The most common types of vascular access used for hemodialysis are the arteriovenous (AV) fistula and the expanded polytetrafluoroethylene (ePTFE) graft. A surgeon creates an AV fistula by directly connecting an artery to a vein, usually in the forearm. The increased blood flow causes the vein to hypertrophy so that it can be used for repeated needle insertions. A graft connects an artery to a vein by using a synthetic tube of ePTFE, usually in the shape of a loop. It does not require as much time to mature as a fistula, so it can be used soon after placement. The direct purpose of the graft is to provide a vessel that is close to the skin (unlike the arteries) and has a high enough pressure to provide a sustained flow rate over 300 ml/min without collapsing (unlike the veins).

Both types of vascular access can have complications that require further treatment or surgery [1,2]. The data analysis of the Dialysis Outcomes Quality Initiative panel [2,3] suggests a primary patency of 85% for AV fistulas at one year and 75% at two years, whereas the ePTFE graft patency can be as low as 50% after one year and 20% at two years. These data exclude fistulae that did not mature adequately to support hemodialysis.

Over the last thirty years, hemodialysis vascular access dysfunction has been a major cause of morbidity and hospitalization among hemodialysis patients worldwide [4]. In the US alone, it is responsible for the hospitalization of more than 20% of patients with end-stage renal disease, at an annual cost of 1 billion dollars [2]. Novel monitoring and intervention programs, such as balloon angioplasty and surgery to open or bypass the stenosed segment, have improved the patency of native fistulae as well as ePTFE grafts, but at a significant financial cost. The expense of creating and maintaining vascular access for patients on dialysis accounts for a significant portion of any health care system. The intervention rates for ePTFE grafts are currently running six times higher than for fistulae [5]. While infections account for 10–15% of the failure of the ePTFE grafts, the leading cause of access failure is from loss of patency due to venous stenosis. Venous stenosis is the result of neointimal hyperplasia and luminal narrowing or occlusion [6-8], either at the site of venous anastomosis or in the downstream (proximal) vein. We assume that both AV fistulae and ePTFE grafts have similar mechanisms of venous neointimal hyperplasia. However, these accesses are inherently different with different flow characteristics. The model described here is more likely to be applicable to ePTFE grafts, rather than AV fistulae, due to exuberant inflammation produced by synthetic ePTFE graft.

Pathogenesis of venous neointimal hyperplasia (VNH)

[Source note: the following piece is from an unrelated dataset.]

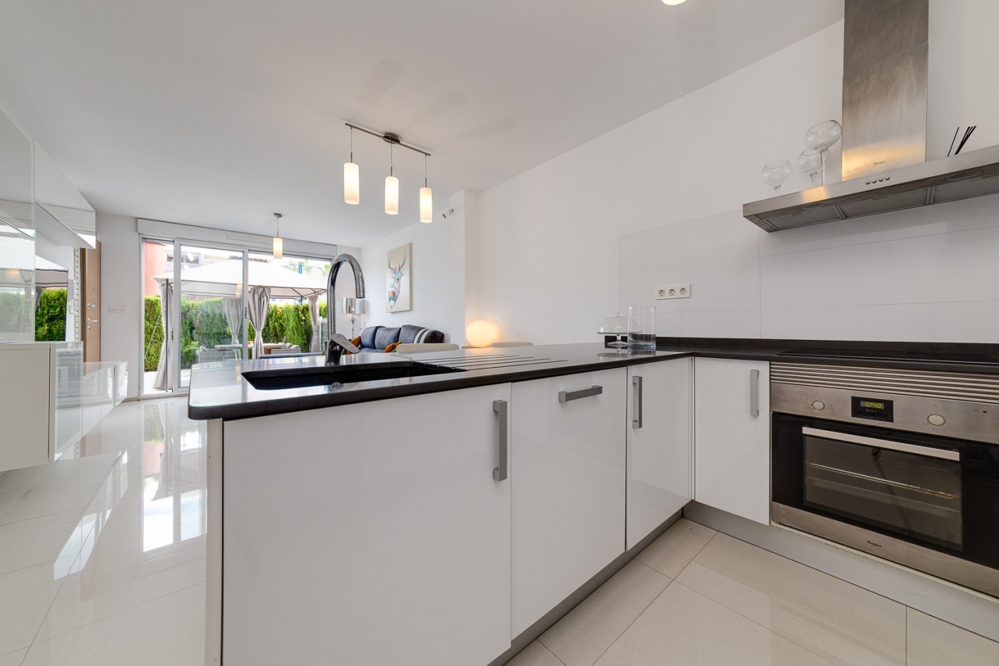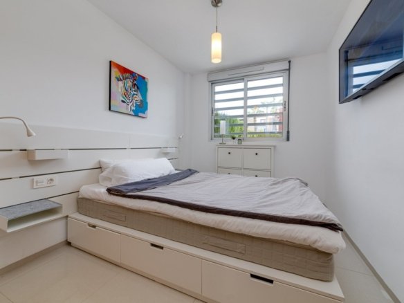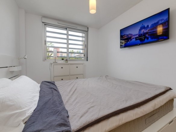 In Sector 25, which is bordering with the popular area of Aguas Nuevas, we can now offer a relatively newly built townhouse. In 2018, the property and also the communal area were ready for the new owners. This lovely house consists of an open plan for the living room and the kitchen. On the lower level there is also a bedroom and a bathroom. The terrace faces the courtyard where there is a communal pool, padel courts, playground and plenty of space to enjoy the sun. The second floor consists of two bedrooms and a bathroom. One of the bedrooms has access to a balcony that leads up to the roof terrace. From here, the view of the common area is absolutely wonderful. On the roof terrace, there is both a barbecue and a shower installed so that you can get as much as possible out of the space. The entire property is equipped with A/C via ducts, everything is controlled with a panel in a easy way. Otherwise, you are close to grocery stores, restaurants, bars and also the beach. Although this is a relatively new property, the owners have still taken good care of it both interior and exterior. Legal costs and VAT are not included in the price.

The most important events initiating the pathogenesis of VNH are: (a) surgical injury at the time of creation of the vascular access, as the vein is often stretched and manipulated; (b) hemodynamic stress at the graft-vein or artery-vein anastomosis, as a result of a combination of high shear stress and turbulence [2,9,10]; (c) the presence of the ePTFE graft itself, as a foreign body, which can attract macrophages that release cytokines and growth factors [2,11]; and (d) vascular access injury from dialysis needles. Other possible causes for VNH formation are: (e) differences in diameters between arteries and veins and less defined intimal layer may cause harmful fluid ebbs and backflow [2]; and (f) genetic predisposition of veins to vasoconstriction and neointimal hyperplasia after injury to endothelial and smooth muscle cells [12,13]. Treatment of an initial stenosis is often accomplished by balloon angioplasty. However, this treatment may inflict endothelial and smooth muscle cell injury, predisposing the vein to exaggerated VNH and repeated stenosis [2].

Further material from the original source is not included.